The fall marks one of the most significant
year-on-year contractions among major international source countries,
signalling a cooling of interest at a time when global mobility patterns appear
to be shifting.
The decline is part of a broader retreat in
international applications across the Common App system, which recorded a 9%
drop in foreign applicants overall. This contrasts sharply with a 7% rise in
domestic U.S. applicants during the same period.
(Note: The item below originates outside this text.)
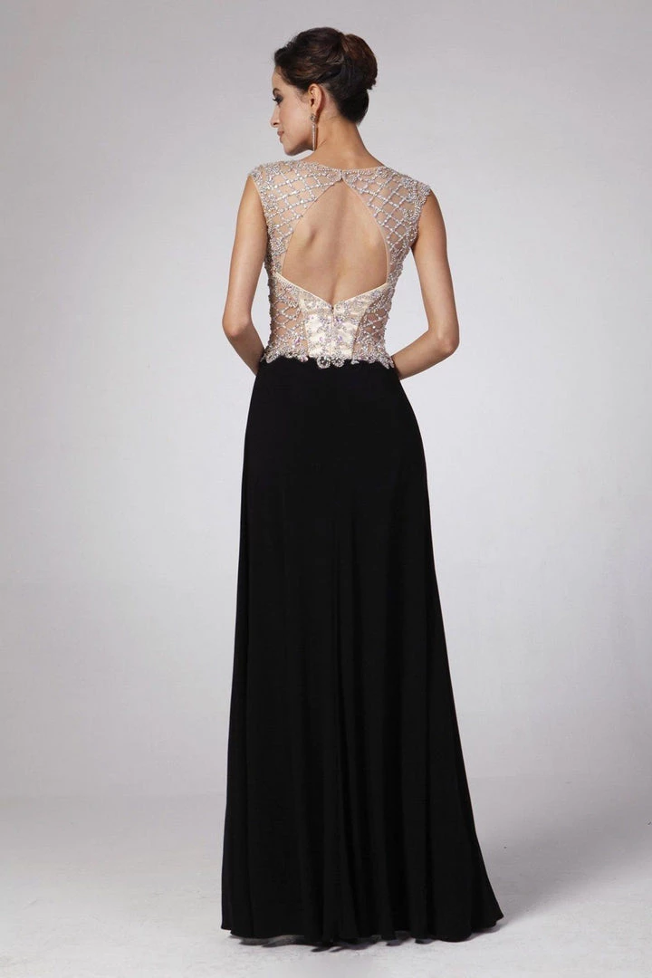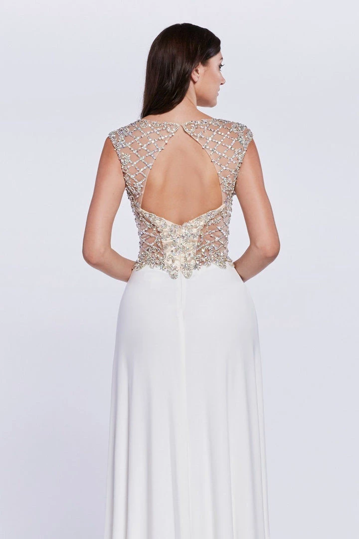 Look unforgettable in this beaded illusion cap sleeve gown by Cinderella Divine 8907.

The slide in Indian applicants led a regional
contraction across Asia, which saw a 9% decline overall. The Common App noted
that “this decline was driven by a substantial 14% drop in applicants from
India.” Africa recorded an even steeper fall of 18%, fuelled by a dramatic 43%
drop from Ghana.
Of the ten highest-volume international
countries, only Vietnam and Uzbekistan posted growth. Other key
contributors—including China, which remains the largest sender of international
applicants — also registered declines.
The contraction spanned all levels of
institutional selectivity, with the largest drops seen at colleges admitting
50–74% of applicants and those with admit rates above 75%.
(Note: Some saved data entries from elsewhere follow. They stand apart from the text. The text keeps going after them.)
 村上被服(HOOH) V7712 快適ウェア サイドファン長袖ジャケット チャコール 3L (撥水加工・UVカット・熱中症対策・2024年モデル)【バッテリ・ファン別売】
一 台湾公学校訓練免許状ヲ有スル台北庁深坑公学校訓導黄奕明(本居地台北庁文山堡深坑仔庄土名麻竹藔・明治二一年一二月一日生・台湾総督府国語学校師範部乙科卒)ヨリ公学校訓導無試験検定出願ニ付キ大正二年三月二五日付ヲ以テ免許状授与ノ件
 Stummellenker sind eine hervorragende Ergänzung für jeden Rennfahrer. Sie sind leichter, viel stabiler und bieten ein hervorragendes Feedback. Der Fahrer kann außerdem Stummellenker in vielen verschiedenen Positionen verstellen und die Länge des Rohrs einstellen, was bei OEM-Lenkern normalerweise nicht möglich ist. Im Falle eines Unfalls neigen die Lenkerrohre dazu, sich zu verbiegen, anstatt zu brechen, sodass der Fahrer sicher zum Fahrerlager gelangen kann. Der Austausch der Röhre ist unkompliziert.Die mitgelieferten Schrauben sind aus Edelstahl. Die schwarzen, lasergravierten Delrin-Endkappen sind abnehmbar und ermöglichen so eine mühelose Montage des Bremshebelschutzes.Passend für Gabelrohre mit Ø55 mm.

Even as international numbers fell, the Common
App platform saw overall growth. A total of 962,284 distinct first-year
applicants applied to 916 returning member institutions—up 5% from last year.
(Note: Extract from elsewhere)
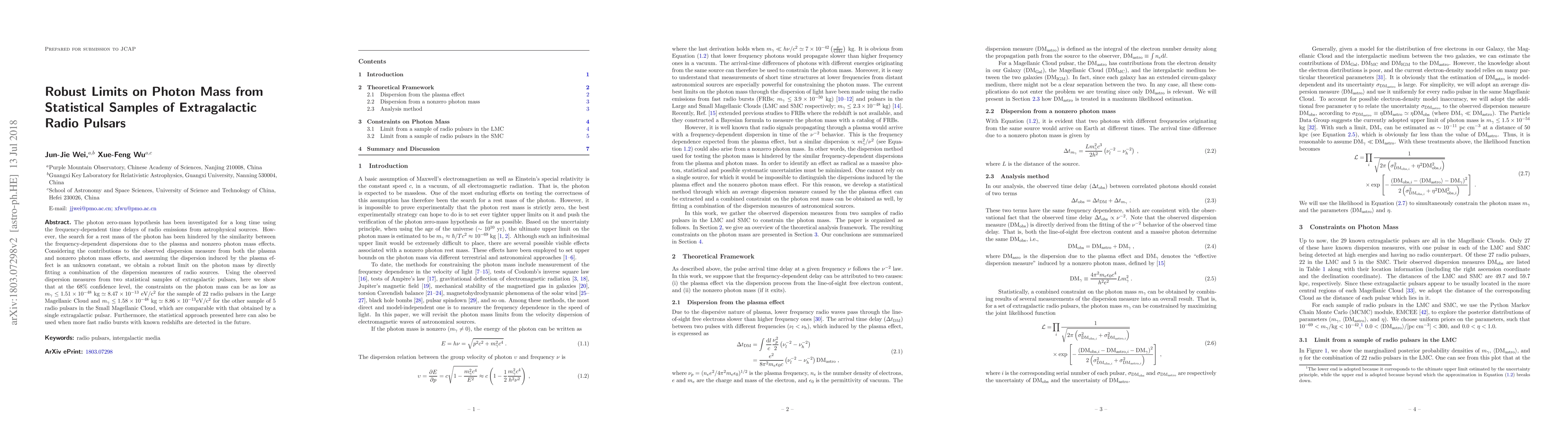 The photon zero-mass hypothesis has been investigated for a long time using the frequency-dependent time delays of radio emissions from astrophysical sources. However, the search for a rest mass of the photon has been hindered by the similarity between the frequency-dependent dispersions due to the plasma and nonzero photon mass effects. Considering the contributions to the observed dispersion measure from both the plasma and nonzero photon mass effects, and assuming the dispersion induced by the plasma effect is an unknown constant, we obtain a robust limit on the photon mass by directly fitting a combination of the dispersion measures of radio sources. Using the observed dispersion measures from two statistical samples of extragalactic pulsars, here we show that at the 68\% confidence level, the constraints on the photon mass can be as low as $m_{\gamma}\leq1.51\times10^{-48}~\rm kg\simeq8.47\times10^{-13}~{\rm eV}/c^{2}$ for the sample of 22 radio pulsars in the Large Magellanic Cloud and $m_{\gamma}\leq1.58\times10^{-48}~\rm kg\simeq8.86\times10^{-13} {\rm eV}/c^{2}$ for the other sample of 5 radio pulsars in the Small Magellanic Cloud, which are comparable with that obtained by a single extragalactic pulsar. Furthermore, the statistical approach presented here can also be used when more fast radio bursts with known redshifts are detected in the future.

Total applications jumped 10% to 4.71 million, and the average number of
applications per student rose to 4.9.
Applications surged among several US demographic
groups:
·
Black or African American applicants: +16%
·
Applicants identifying as Two or More Races: +11%
·
First-generation applicants: +12%
·
Fee-waiver-eligible applicants: +10%
Rural applicants recorded particularly strong
growth at 15%, compared to 6% from metropolitan areas.
Test score reporting also changed. The number
of applicants submitting scores increased by 11%, while non-reporters declined
by 1%. First-generation, underrepresented minority and fee-waiver-eligible
students continued to report scores at lower rates, though reporting rose
across all groups.
The Common App noted that the current year’s
international decline represents an acceleration from the previous cycle, when
foreign applicants had increased by 5% through the same November 1 deadline.
Key
international changes:
·
India: –14%
·
Asia overall: –9%
·
Africa: –18%
·
Ghana: –43%
·
Vietnam: Increase
·
Uzbekistan: Increase
The data suggests a shifting global admissions landscape — one where US domestic demand continues to rise even as international pathways undergo a recalibration.